**Task to complete:**
Repeat the records below exactly from the line containing "Our leather effect" to the line containing "Pydownloader interface after", taking in both of those lines. Drop the pictures.

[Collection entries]
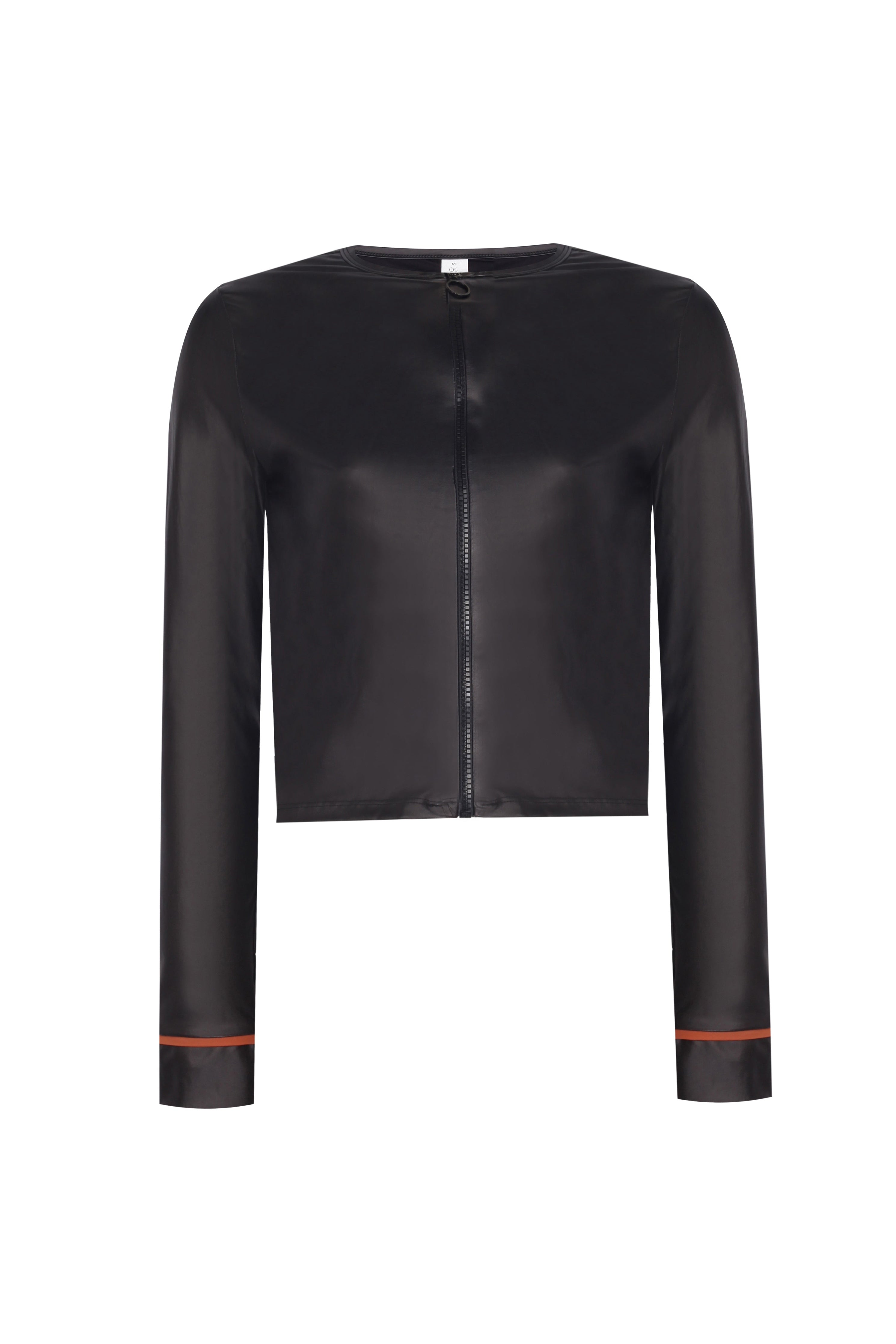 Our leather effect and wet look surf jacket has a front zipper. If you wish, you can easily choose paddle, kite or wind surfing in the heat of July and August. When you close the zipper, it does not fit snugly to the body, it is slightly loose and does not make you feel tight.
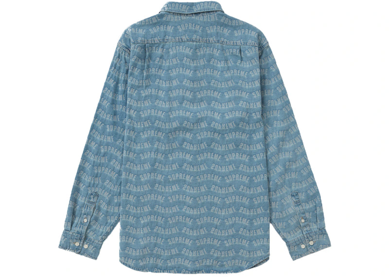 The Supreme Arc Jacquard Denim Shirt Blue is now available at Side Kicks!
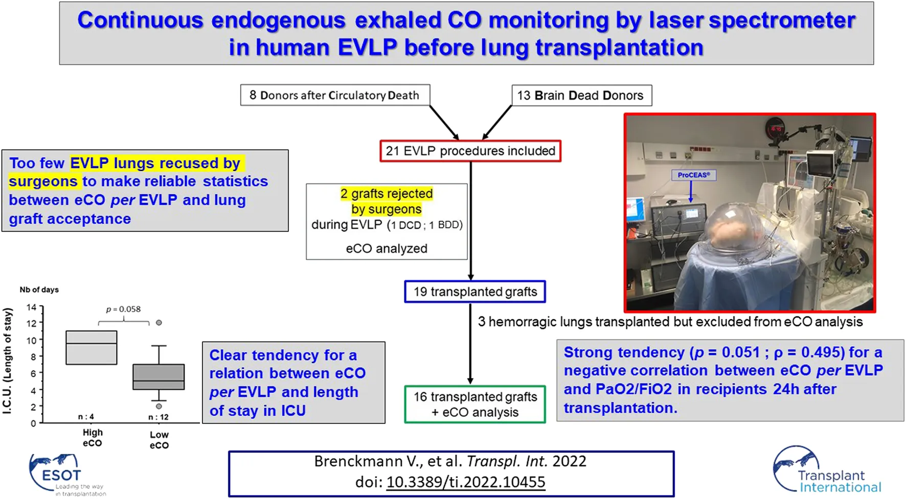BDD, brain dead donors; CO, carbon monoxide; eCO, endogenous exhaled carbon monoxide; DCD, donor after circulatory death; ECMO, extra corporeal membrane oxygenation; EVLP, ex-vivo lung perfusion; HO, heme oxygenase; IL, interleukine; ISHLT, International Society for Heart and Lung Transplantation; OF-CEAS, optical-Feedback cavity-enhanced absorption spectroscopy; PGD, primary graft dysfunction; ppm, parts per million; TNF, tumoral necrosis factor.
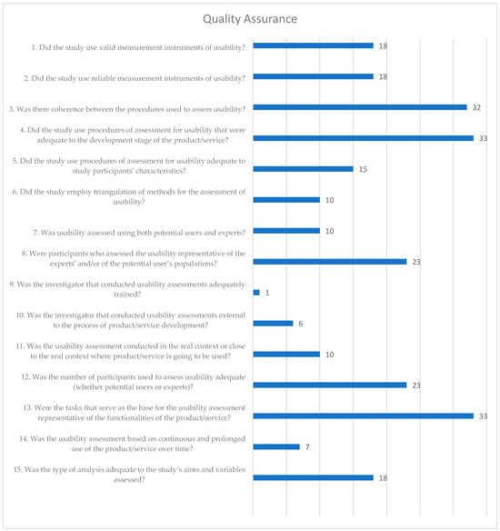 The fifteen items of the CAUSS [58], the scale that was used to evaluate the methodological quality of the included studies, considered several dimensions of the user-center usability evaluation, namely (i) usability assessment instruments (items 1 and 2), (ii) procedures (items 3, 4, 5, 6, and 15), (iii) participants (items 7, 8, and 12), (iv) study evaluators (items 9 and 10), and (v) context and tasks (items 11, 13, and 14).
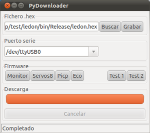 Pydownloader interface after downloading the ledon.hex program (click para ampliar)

...

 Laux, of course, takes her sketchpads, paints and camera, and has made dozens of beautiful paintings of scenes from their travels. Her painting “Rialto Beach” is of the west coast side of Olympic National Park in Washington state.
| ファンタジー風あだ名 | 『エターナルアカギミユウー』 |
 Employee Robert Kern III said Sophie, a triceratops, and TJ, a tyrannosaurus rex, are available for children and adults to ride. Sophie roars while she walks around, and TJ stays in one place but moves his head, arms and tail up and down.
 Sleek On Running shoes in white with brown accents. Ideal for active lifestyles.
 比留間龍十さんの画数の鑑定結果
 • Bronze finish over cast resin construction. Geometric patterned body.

**Answer space:**
 Our leather effect and wet look surf jacket has a front zipper. If you wish, you can easily choose paddle, kite or wind surfing in the heat of July and August. When you close the zipper, it does not fit snugly to the body, it is slightly loose and does not make you feel tight.
 The Supreme Arc Jacquard Denim Shirt Blue is now available at Side Kicks!
BDD, brain dead donors; CO, carbon monoxide; eCO, endogenous exhaled carbon monoxide; DCD, donor after circulatory death; ECMO, extra corporeal membrane oxygenation; EVLP, ex-vivo lung perfusion; HO, heme oxygenase; IL, interleukine; ISHLT, International Society for Heart and Lung Transplantation; OF-CEAS, optical-Feedback cavity-enhanced absorption spectroscopy; PGD, primary graft dysfunction; ppm, parts per million; TNF, tumoral necrosis factor.
 The fifteen items of the CAUSS [58], the scale that was used to evaluate the methodological quality of the included studies, considered several dimensions of the user-center usability evaluation, namely (i) usability assessment instruments (items 1 and 2), (ii) procedures (items 3, 4, 5, 6, and 15), (iii) participants (items 7, 8, and 12), (iv) study evaluators (items 9 and 10), and (v) context and tasks (items 11, 13, and 14).
 Pydownloader interface after downloading the ledon.hex program (click para ampliar)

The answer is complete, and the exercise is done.